Pollo en pepitoria

  • Ingredients
    16 Ingredients
  • Cuisine
    Spanish
  • Category
    Chicken
  • Video
    Video Guide

Pollo en pepitoria — a classic Spanish braise of chicken in a fragrant saffron, almond and egg-yolk sauce. Rich, golden and deeply comforting, lovely served with rice.

Ingredients

  • Pinch Saffron
  • 4 tbsp Extra Virgin Olive Oil
  • 6 Garlic Clove
  • 30g Stale Bread
  • 2 tbs chopped Parsley
  • 8 Chicken Thighs
  • 1 chopped Onion
  • 1 chopped Carrots
  • 1 chopped Celery
  • 250ml Dry Sherry
  • 350ml Chicken Stock
  • 1 Cinnamon Stick
  • Pinch Cloves
  • 2 Bay Leaves
  • 2 Egg
  • 2 tblsp Almonds

Video

Preparation

  1. Put the saffron in a small bowl with 75ml just-boiled water, stir, and set aside. Heat 2 tbsp of the oil in a broad, shallow casserole. Cook the garlic until pale gold, then add the blanched almonds and bread and fry until everything is golden. Tip into a food processor with some salt, pepper and the parsley, and whizz together.
  2. Heat 2 more tbsp oil in the pan and brown the chicken all over, seasoning as you cook, then set aside in a bowl.
  3. Remove all but about 2 tbsp of fat from the pan and cook the onion, carrot and celery until golden. Add the sherry, stirring to dislodge any brown bits, then pour in the stock and the saffron with its water and bring to the boil. Turn down to a simmer, add the spices and bay leaves, and return the chicken with any juices. Season and gently cook with the lid on for about 40 minutes.
  4. Transfer the chicken to a bowl again, leaving the sauce in the pan, and cover with foil to keep warm.

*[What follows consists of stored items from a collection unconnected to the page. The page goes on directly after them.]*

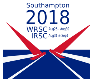
Figure 3: Sample PNG figure
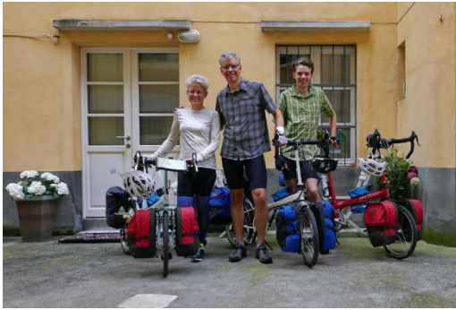
Starting off from the Airbnb in Trieste
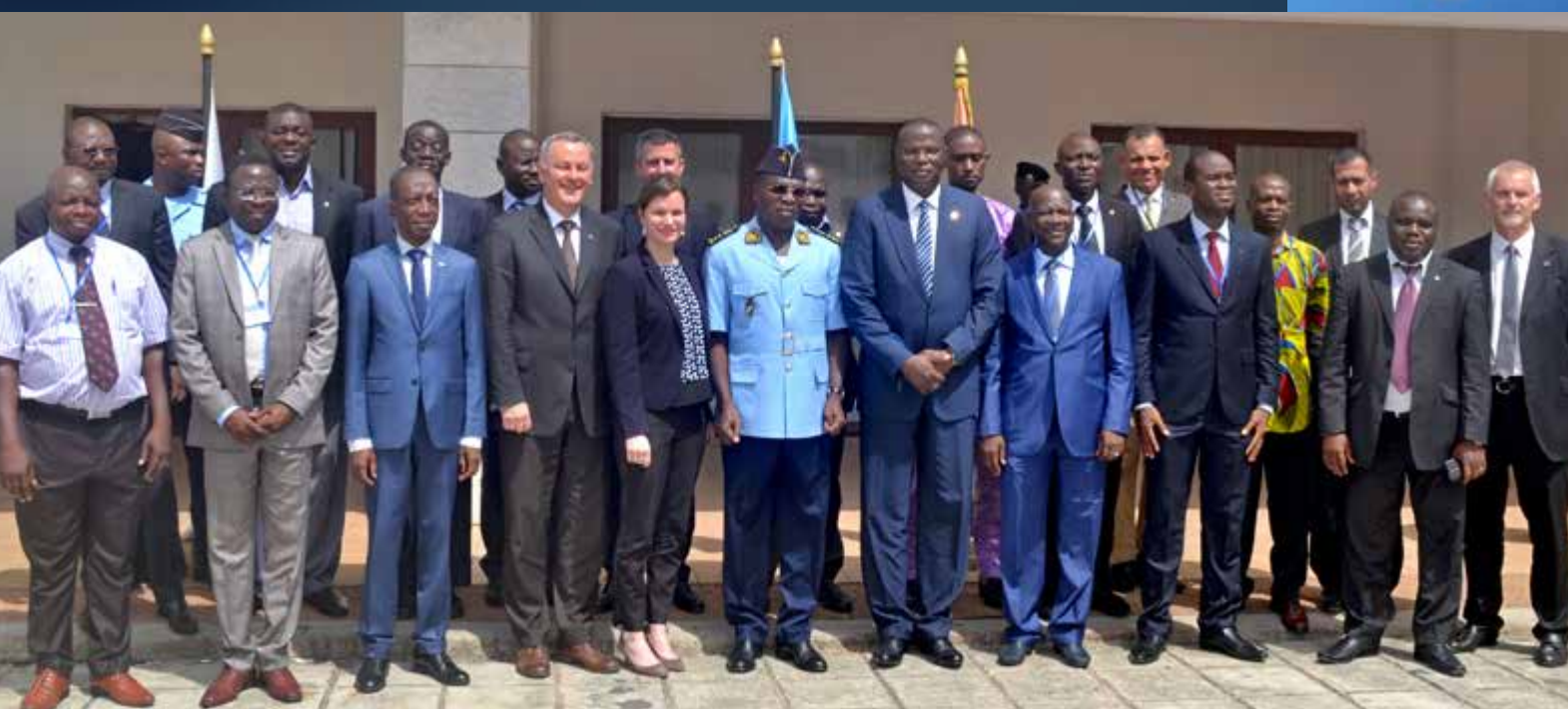
Workshop: Operational launch of the WAPIS Programme in the pilot countries Abidjan, 3-4 May 2016
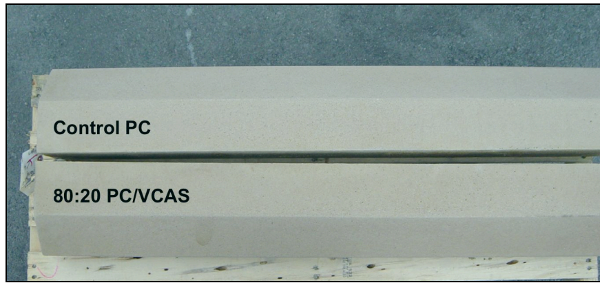
Architectural concrete beams: PC Control (top) and 80:20 PC/VCAS concrete (bottom)
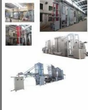
Webbing Pigment Continuous Dyeing and Finishing Machine
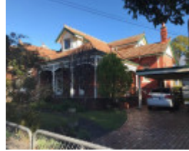
19 Turner Street, Malvern East
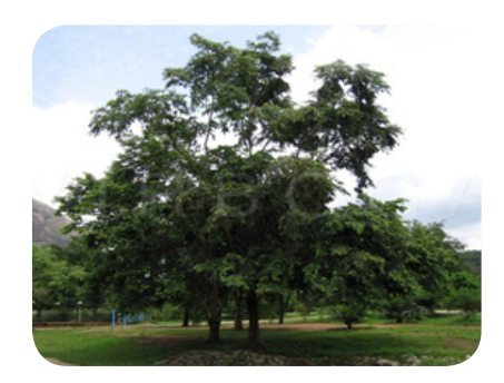
Plant 3: Bombax costatum
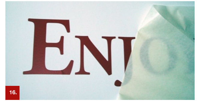
Example 16 ORATAPE® LT52
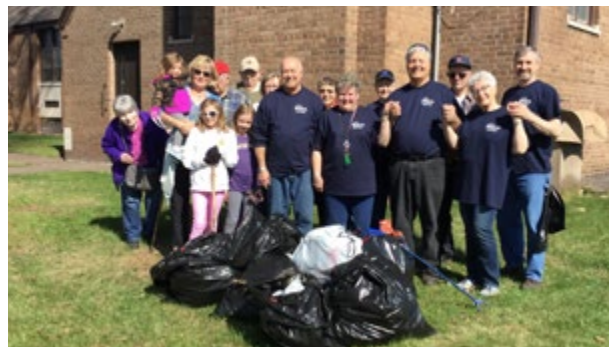
A team effort for Join Hands Day
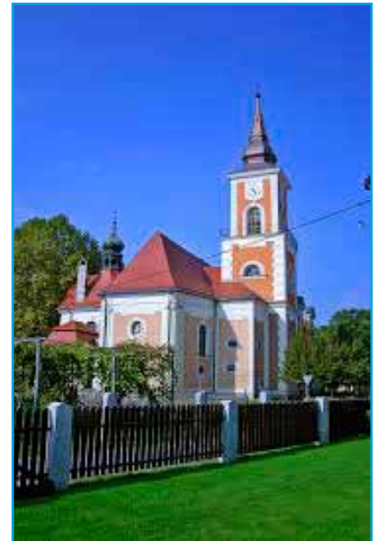
St. Ladislav's church in Beltinci.
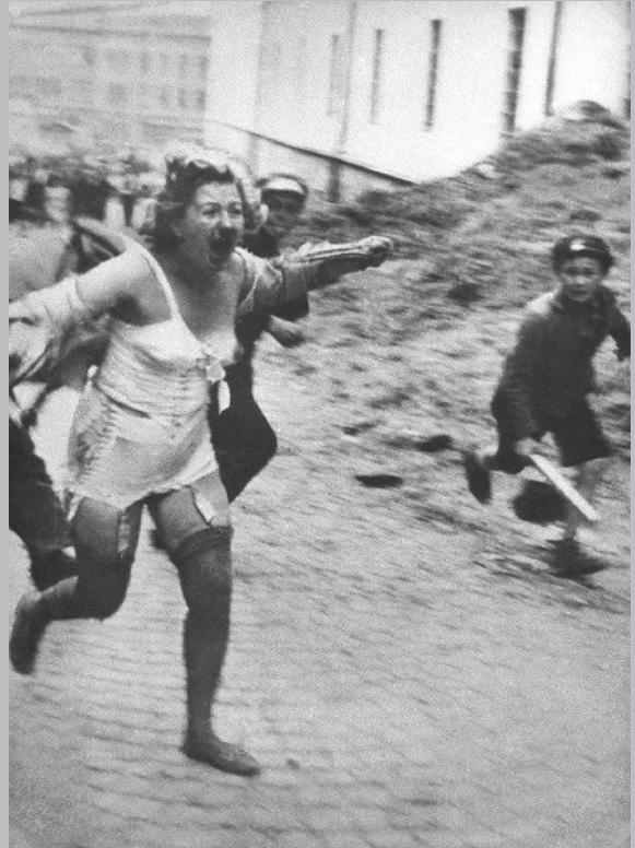
A Jewish woman runs in terror from attackers.

Separate the egg yolks from the whites and roughly chop the whites. Mash the yolks in a small bowl and gradually mix in a couple of tablespoons of the sauce. Bring the remaining sauce to the boil to reduce a little, then turn down the heat and remove the bay and cinnamon. Add the egg yolks and cook for a few minutes until thickened, then stir in the almond mixture. Return the chicken and heat for about 3 minutes, spooning the sauce over. Season to taste.
  5. Scatter over the extra parsley, the almond pieces and the chopped egg whites, and serve with rice if you like.